My total score? I was knocked out in the first round, score 1-0.
Sensei says that competition is a game. You have to play the game and follow its rules to win. I had thought it would be easy, particularly in the novice division. Three or four kicks to the head to succeed to the next round- no problem. But it was very different to how I pictured. I keep forgetting that people can block in karate, and that it’s easy to stop a kick. Although I landed a few hits, they didn’t score any points because there wasn’t enough power in them to be considered a "killing blow". I copped one in the eye, and while I didn’t like the pain, it made me angry. I wanted to just start throwing attacks wildly (which would have probably connected), anything to score and put myself in front. Some of the other competitors turned red with fury, and it barely helped them. It was harder to kiai with a mouthguard in so it was harder to show the power of a strike. Competitions are also a lot messier, with technique sacrificed for speed, distance and the desire to just connect a hit in the hope it might score.
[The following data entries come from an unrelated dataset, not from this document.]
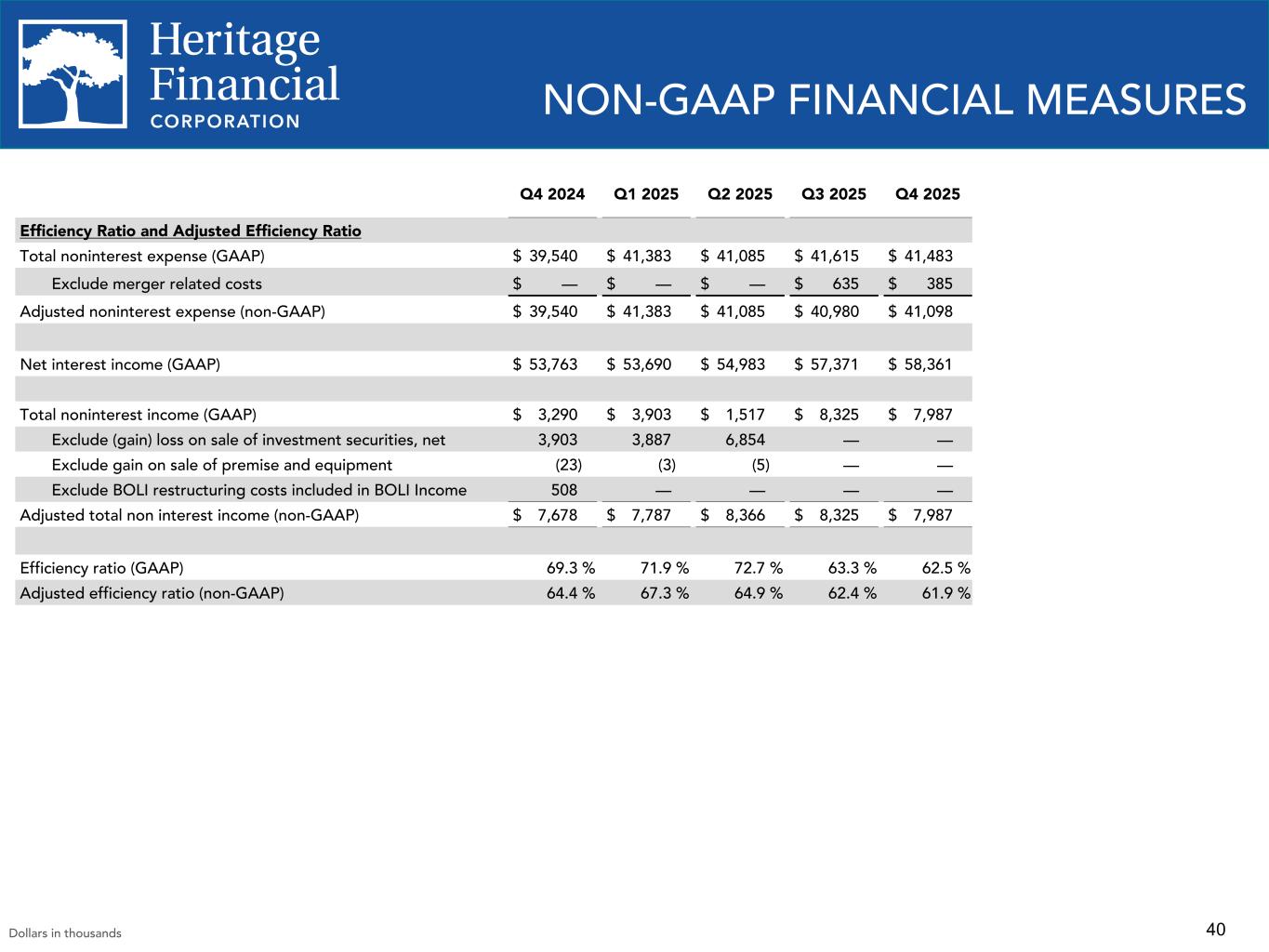 39 2016 2017 2018 2019 2020 2021 2022 2023 2024 Tangible Book Value Per Share: Total stockholders' equity (GAAP) $ 481,763 $ 505,305 $ 760,723 $ 809,311 $ 820,439 $ 854,432 $ 797,893 $ 853,261 $ 863,527 Exclude intangible assets (126,403) (125,117) (261,553) (257,552) (254,027) (250,916) (248,166) (245,732) (244,092) Tangible common equity (non-GAAP) $ 355,360 $ 380,188 $ 499,170 $ 551,759 $ 566,412 $ 603,516 $ 549,727 $ 607,529 $ 619,435 Shares outstanding 29,954,931 29,927,746 36,874,055 36,618,729 35,912,243 35,105,779 35,106,697 34,906,233 33,990,827 Book value per share (GAAP) $ 16.08 $ 16.88 $ 20.63 $ 22.10 $ 22.85 $ 24.34 $ 22.73 $ 24.44 $ 25.40 Tangible book value per share (non-GAAP) $ 11.86 $ 12.70 $ 13.54 $ 15.07 $ 15.77 $ 17.19 $ 15.66 $ 17.40 $ 18.22 Moved to 2nd slide Tangible Book Value Per Share (cont'd): 2025 2025 2025 2025 Q1 Q2 Q3 Q4 Total stockholders' equity (GAAP) $ 881,515 $ 888,212 $ 904,064 $ 921,504 Exclude intangible assets (243,789) (243,487) (243,203) (242,918) Tangible common equity (non-GAAP) $ 637,726 $ 644,725 $ 660,861 $ 678,586 Shares outstanding 34,105,516 33,953,194 33,956,738 33,963,500 Book value per share (GAAP) $ 25.85 $ 26.16 $ 26.62 $ 27.13 Tangible book value per share (non-GAAP) $ 18.70 $ 18.99 $ 19.46 $ 19.98 NON-GAAP FINANCIAL MEASURES Dollars in thousands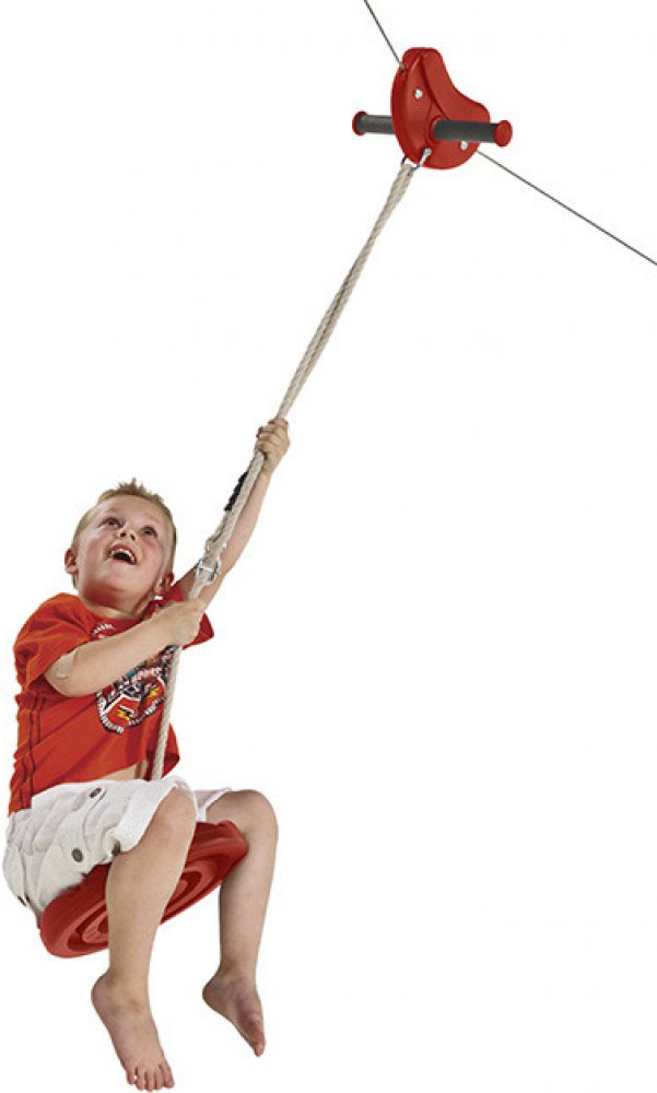 Lanová dráha "Para" červená KAXL Zábavná lanová dráha ve vlastní zahradě potěší všechny malé nadšence adrenalinových zážitků. Pojízdný prvek ze stálobarevného plastu má protiskluzovou rukojeť, která zvyšuje bezpečnost dítěte. Specifikace kryt pojízdného zařízení je vyroben z polyamidu (PA) - tvarovaný metodou vstřikování protiskluzové rukojeti ocelové lanko, napínací mechanismus z pozinkované ocel...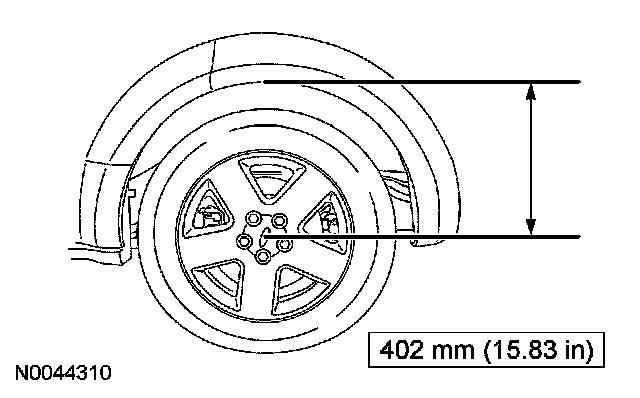 11. CAUTION: Before tightening any suspension bushing fasteners, the suspension must be at the bushing fastener tightening position. Use a suitable jack to raise the suspension until the distance between the center of the hub and the lip of the fender is equal to 402 mm (15.83 inch).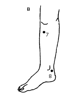 Точки 7, парные (рис. 43, в). Расположены на передней поверхности ноги (несколько кнаружи от вертикальной оси ноги) на ширину ладони ниже коленной чашечки. Ребенок лежит на спине или сидит, вытянув ноги. Точки массируются одновременно на обеих ногах.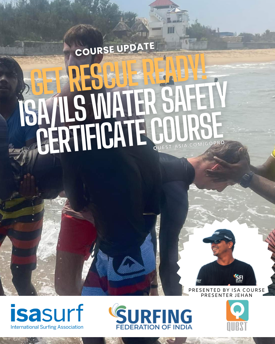 The International Surfing Association (ISA) & International Lifesaving Society (ILS) Water Safety Certification Course is presented by ISA Course Presenter Jehan at Quest Academy near Rameshwaram in Tamil Nadu, India.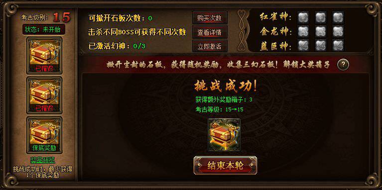 活动期间,可以进行一次次的限时考古。每次限时完成考古将会提升你的考古等级,等级越高箱子里面的奖励越好,相对限时也更短!考古等级和次数将会在每天0点清零,正在进行的考古可享受清零前的等级奖励!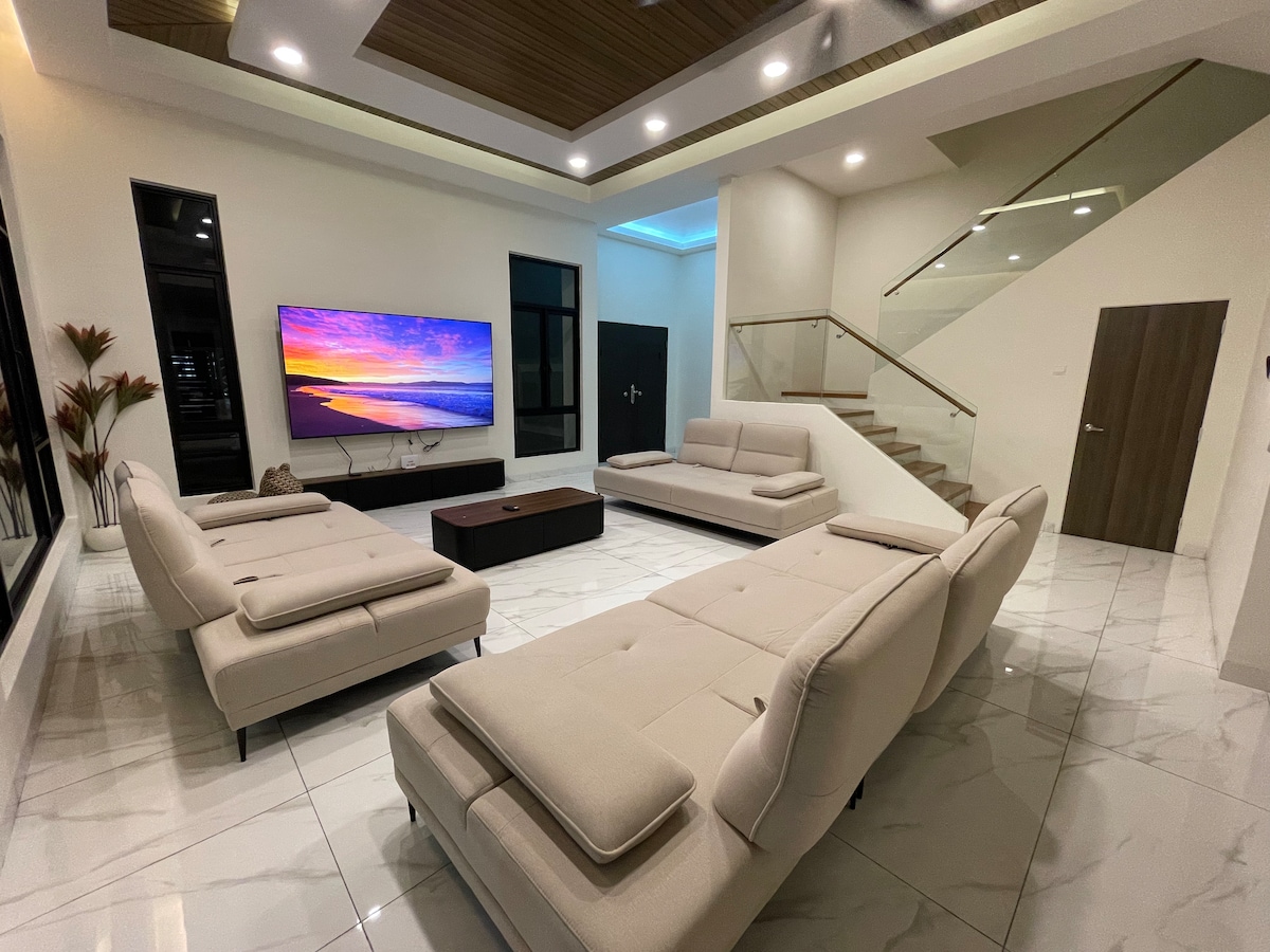 🏠 5 air-conditioned rooms with private bathrooms 🛋️ Single-storey villa + loft entertainment area (KTV, board games & more) 👨👩👧 Cozy stay for family with elderly & friends gatherings 🏊 Large Indoor swimming pool + BBQ facilities provided 🥦1 mins to Supermarket 🥥 5 mins to Klebang Coconut Milkshake 🎢 7 mins to MoCity Fun Park & Klebang Beach 🌆 8 mins to Kota Laksamana 🛍️ 15 mins to Jonker Street & Malacca Town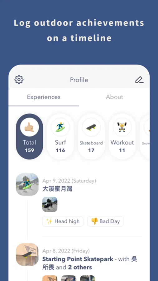 - Log achievements: over 100 outdoor achievements, speed-climbing, 1st time surfing, dive 10m, etc., record your outdoor timeline.

Overall I’m disappointed. It’s a sensation I’m feeling with unpleasant regularity. In my head, I’m undefeatable, untouchable, fast and strong enough to take on anyone. But the reality is apparently proving somewhat different. The difference between the real and the ideal is causing me to doubt myself, something I don’t do very often. Confidence makes a person better at what they’re doing, but even with all that self-assurance (I don’t think I’d call it arrogance), I’m still able to lose. It’s unthinkable, but it’s happening, and it’s not pleasant to process.
And worst of all, I don’t know why I’m losing. My reaction to the disappointment is to train harder- to iron out my flaws and become even stronger. But that is a blind path for poor reason. If I wish to improve, I know I need to return to my roots as a martial artist and work from ground up. But I do need to train, just for the right reasons. Rather than "to never lose again", I should aim "to correct my mistakes". Subtle difference, but an important one that makes all the difference. I am quite sore about my defeat today, but I’ll get back on the horse and try again. Meanwhile I need to acquire a punching bag, or preferrably one of those giant rubber dummies to practice on. I think I saw one at Rebel sport for like, $200+ dollars. I think it’s kinda worth it. So that’s my next investment, right after a GPS system and presents for various events.
Thanks especially to Bethwyn for driving me there and taking lots of photos. Ja ne!